» ACTION ITEM: Only the lines from the "Asimismo, se le" line through the last line of the material below belong in the answer, reproduced exactly and with no pictures.

» SOURCE DATA:
+++

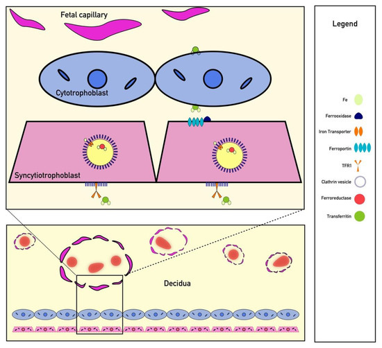 Iron is a critically important micronutrient for proper fetal development; however, iron cannot easily diffuse through the placenta to reach the fetus [68]. Additionally, the fetus cannot create its own iron and must receive all of its iron from the material circulation [69]. Circulating iron is often bound to transferrin, and transferrin-bound iron uptake appears to be necessary for fetal development [69]. One study of iron transport found that embryos of transferrin receptor-1 (TfR1) knockouts were not compatible with life due to severe anemia [69,70]. Once transferrin-bound iron binds to TfR1 on syncytiotrophoblasts, clathrin-mediated endocytosis occurs, and iron is released from transferrin within the acidified endosome [71] (Figure 2). From there, iron is reduced from Fe+3 to Fe+2 via ferrireductase and exported into the cytoplasm via DMT-1 or ZRT/IRT-like protein (ZIP) before being bound to an iron chaperone for transport to ferroportin, which faces the fetal basal lamina connective tissue [69]. Iron transport across the placenta results in iron binding to fetal transferrin, although the mechanism by which iron is transported from the basal lamina connective tissue into the fetal circulation remains under study [69]. Other mechanisms related to non-transferrin bound iron (NTBI) placental transport have been proposed, but their significance in placental development is currently unknown [69]. Importantly, NTBI appears only in iron overloaded patients with significantly elevated transferrin saturation and is unlikely to play a significant role in physiological placental iron transfer [69,72]. Recently published evidence suggests that hepcidin also functions within the placenta to downregulate ferroportin and TfR1 expression [42]. Therefore, systemic conditions that affect hepcidin concentrations should also be assumed to modulate iron transfer to the fetus in a similar mechanism to other tissues. However, more preclinical research is needed to directly prove that hepcidin is the direct cause of iron dysregulation noted in many of the observational clinical studies discussed elsewhere.
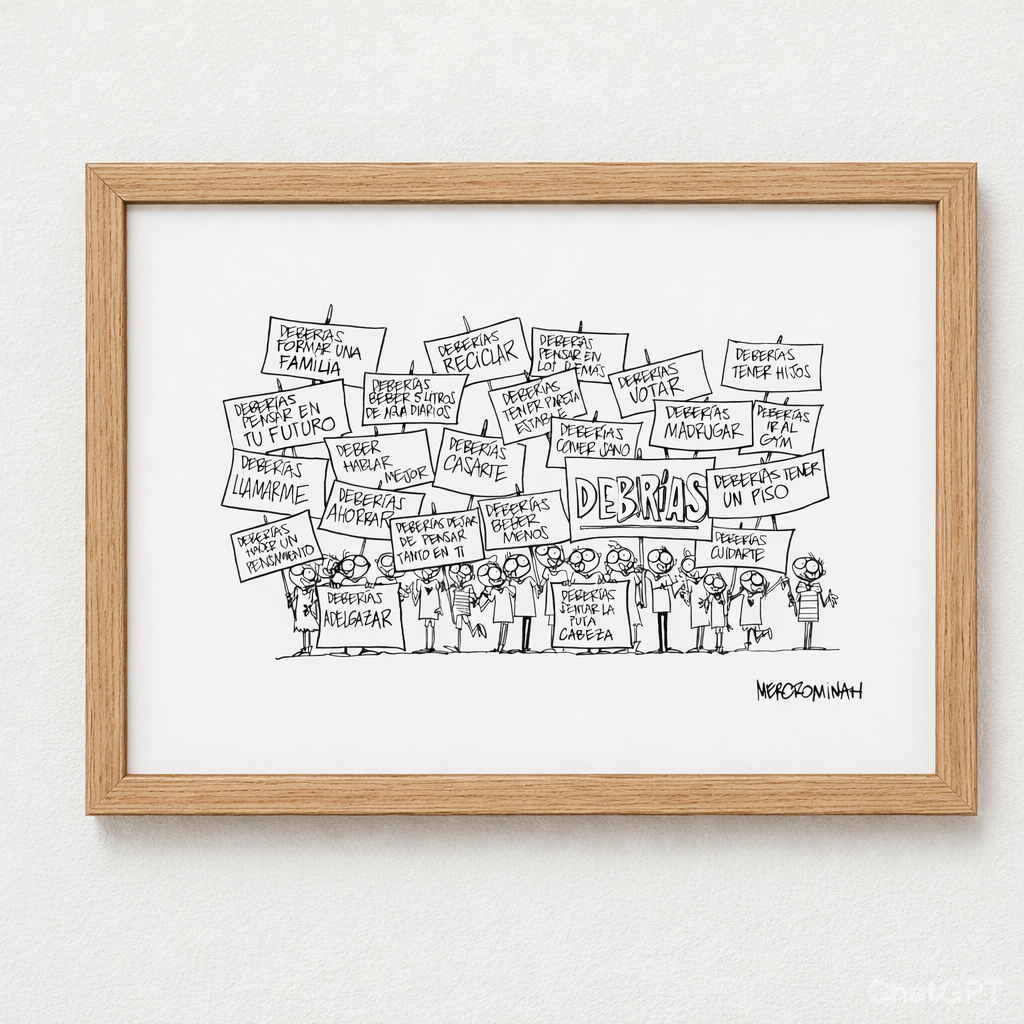 Lámina firmada a mano por Mercrominah, con su característico humor ácido y mirada crítica sobre la sociedad y las redes. Cada print es una pieza única, con la autenticidad y el estilo directo que la han hecho reconocible en redes y libros.
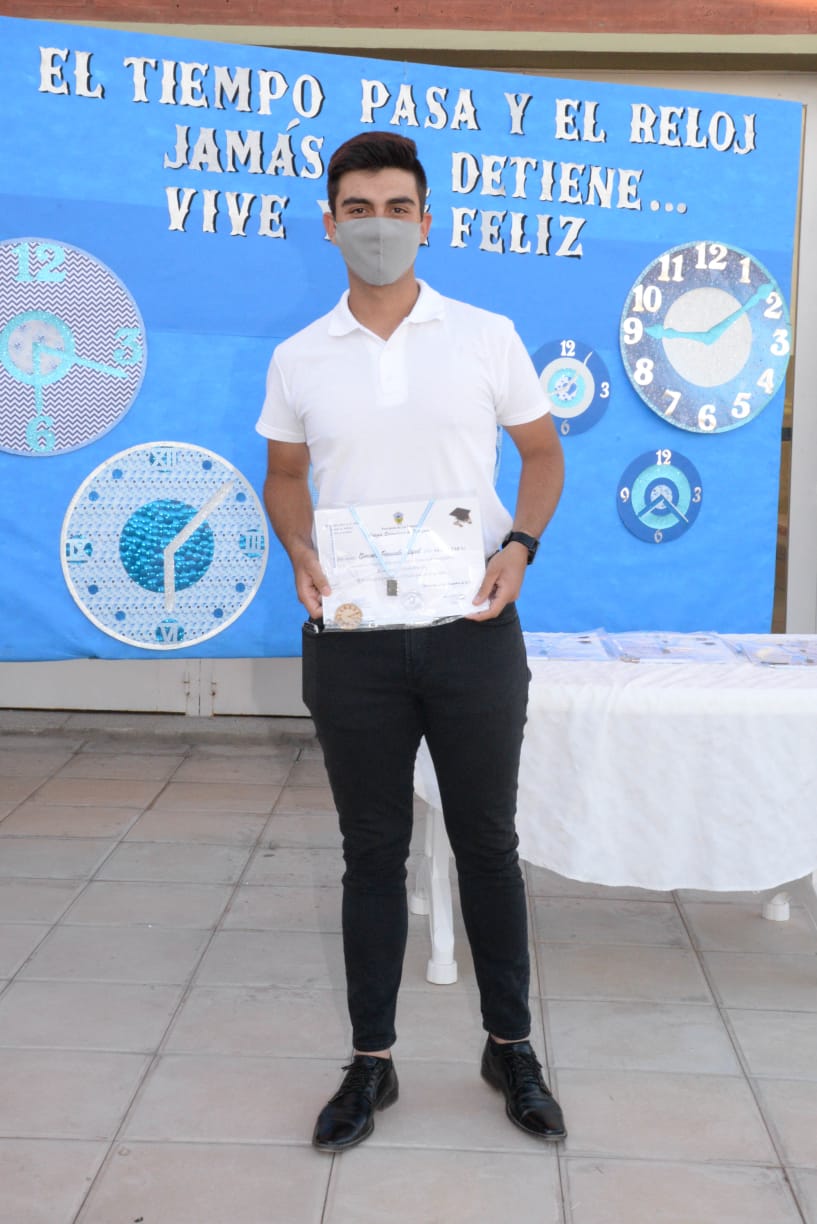 Asimismo, se le preguntó sobre si tuvieron exámenes finales. Al respecto respondió que «en muchas materias hubo una evaluación final de carácter oral, no eran complicadas las evaluaciones porque básicamente era repasar lo que habíamos hecho durante el año». Todo de manera virtual. «En noviembre rendí las últimas materias y no me quedaron pendientes», señaló. El 11 de diciembre fue el acto de colación, al aire libre y con protocolos. Ese día marcó el reencuentro de la totalidad de la promo 2020 después de meses sin verse de manera presencial.
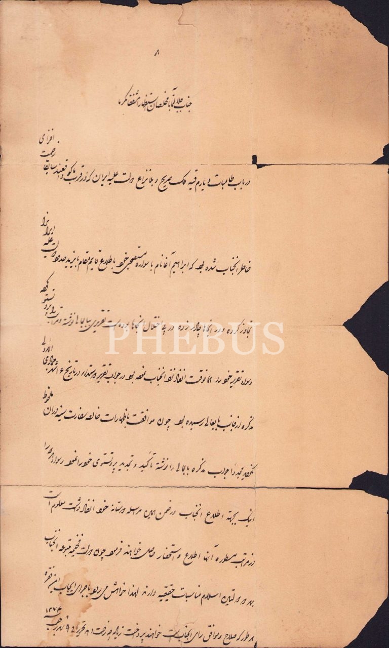 1274 tarihli Farsça evrak, 19x31 cm, kısmen parçalanmış haliyle

+++

» EXPECTED ANSWER:
 Asimismo, se le preguntó sobre si tuvieron exámenes finales. Al respecto respondió que «en muchas materias hubo una evaluación final de carácter oral, no eran complicadas las evaluaciones porque básicamente era repasar lo que habíamos hecho durante el año». Todo de manera virtual. «En noviembre rendí las últimas materias y no me quedaron pendientes», señaló. El 11 de diciembre fue el acto de colación, al aire libre y con protocolos. Ese día marcó el reencuentro de la totalidad de la promo 2020 después de meses sin verse de manera presencial.
 1274 tarihli Farsça evrak, 19x31 cm, kısmen parçalanmış haliyle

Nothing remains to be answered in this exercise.